#### [Task requirements]
Leaving out the pictures, please reproduce exactly and only the lines from the one that contains "- Az ingatlan" through the last line below.

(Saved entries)
<<<<

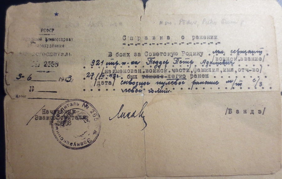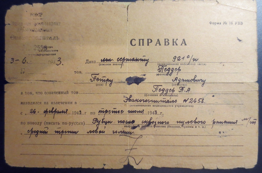 Peeter Põder. Pealetungi ajal vastasele Sõrve säärel, Kargi küla juures, asus rivist välja langenud komandöri asemele ja sai Vapruse medali. 921. Laskurpolgu võitleja, autasustamise hetkel nooremseersant. Autasude ajutised tunnistused on huvitavad ja üsna haruldased asjad... lisaks ka muid tunnistusi, näiteks haavatasaamise kohta 1943. aastal ja tõend välihospidalist. Medalit kahjuks ei ole.
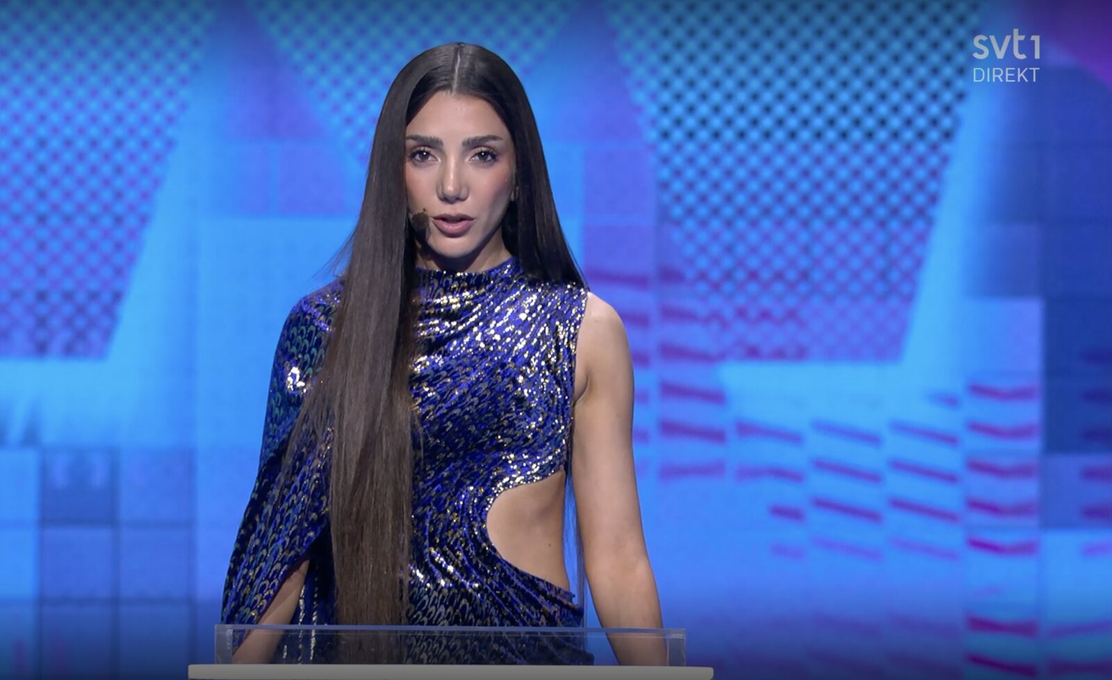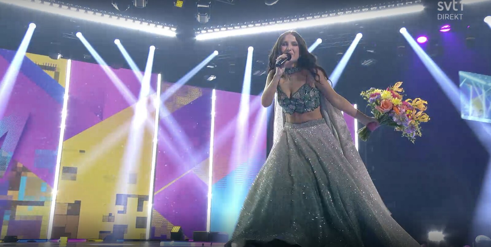 On découvre également le look de Sanna Nielsen : des gants argentés qui captent la lumière et de longues jambes laissées nues, pour une silhouette élégante et affirmée.
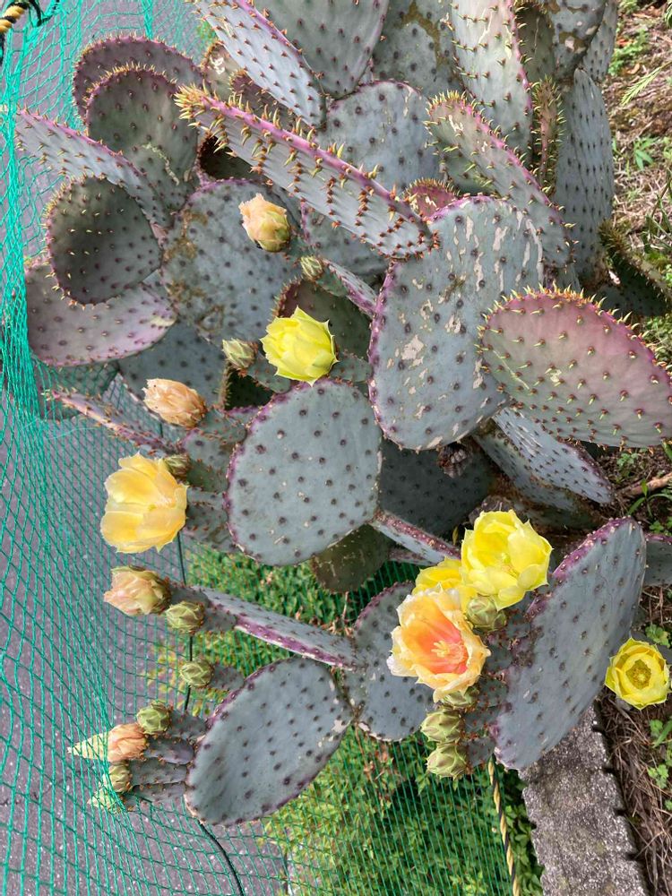 寒期に紅葉するウチワサボテン(サンタリタ)が開花しました。昨年は結実しませんでしたが、今年は何個か結実しそうです。
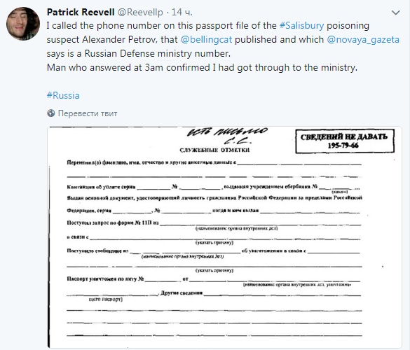Отравление в Солсбери. Журналисты позвонили на телефонный номер подозреваемого Петрова и попали в Минобороны России
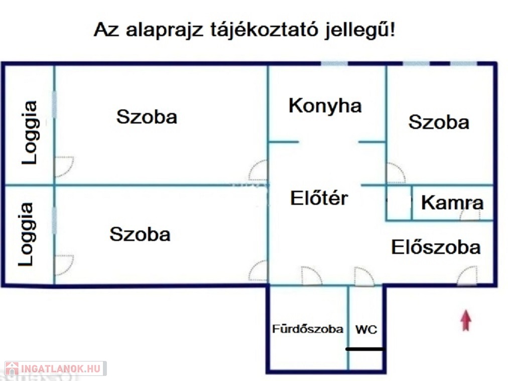 - Az ingatlan helyiségei: előszoba, 3 külön nyíló szoba, konyha, kamra, fürdőszoba, WC külön.
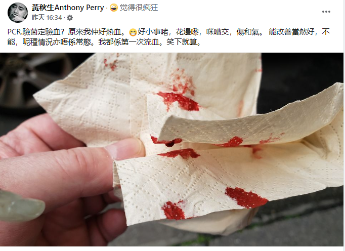 繼「黃絲」藝人王喜自曝入境台灣做PCR檢測鼻子被「捅傷」事件後,另一「黃絲」藝人黃秋生於昨日(28日)在社交平台發文稱「驗菌定驗血?」並上載有血跡斑斑的紙巾相片,疑似在台灣做PCR檢測時,造成鼻子流血,帖文引發網友熱議。
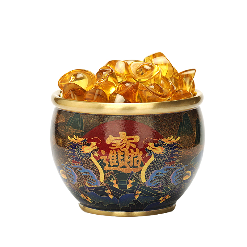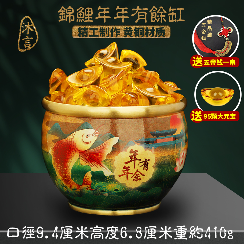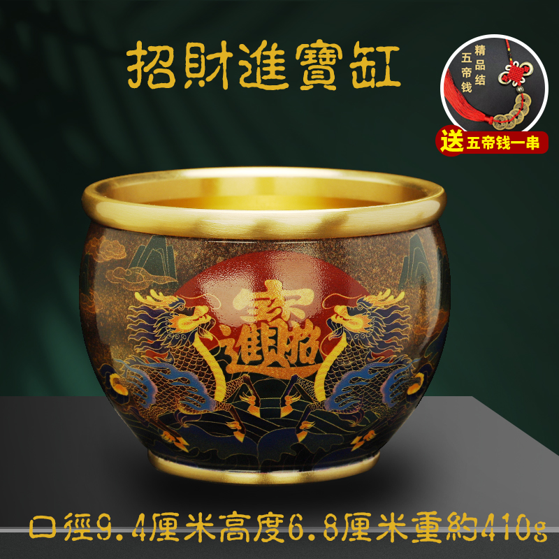 黄铜百福缸家居吉祥招财进宝米缸聚宝盆装饰品存钱罐铜富缸摆件

>>>>

#### [Response]
 - Az ingatlan helyiségei: előszoba, 3 külön nyíló szoba, konyha, kamra, fürdőszoba, WC külön.
 繼「黃絲」藝人王喜自曝入境台灣做PCR檢測鼻子被「捅傷」事件後,另一「黃絲」藝人黃秋生於昨日(28日)在社交平台發文稱「驗菌定驗血?」並上載有血跡斑斑的紙巾相片,疑似在台灣做PCR檢測時,造成鼻子流血,帖文引發網友熱議。
 黄铜百福缸家居吉祥招财进宝米缸聚宝盆装饰品存钱罐铜富缸摆件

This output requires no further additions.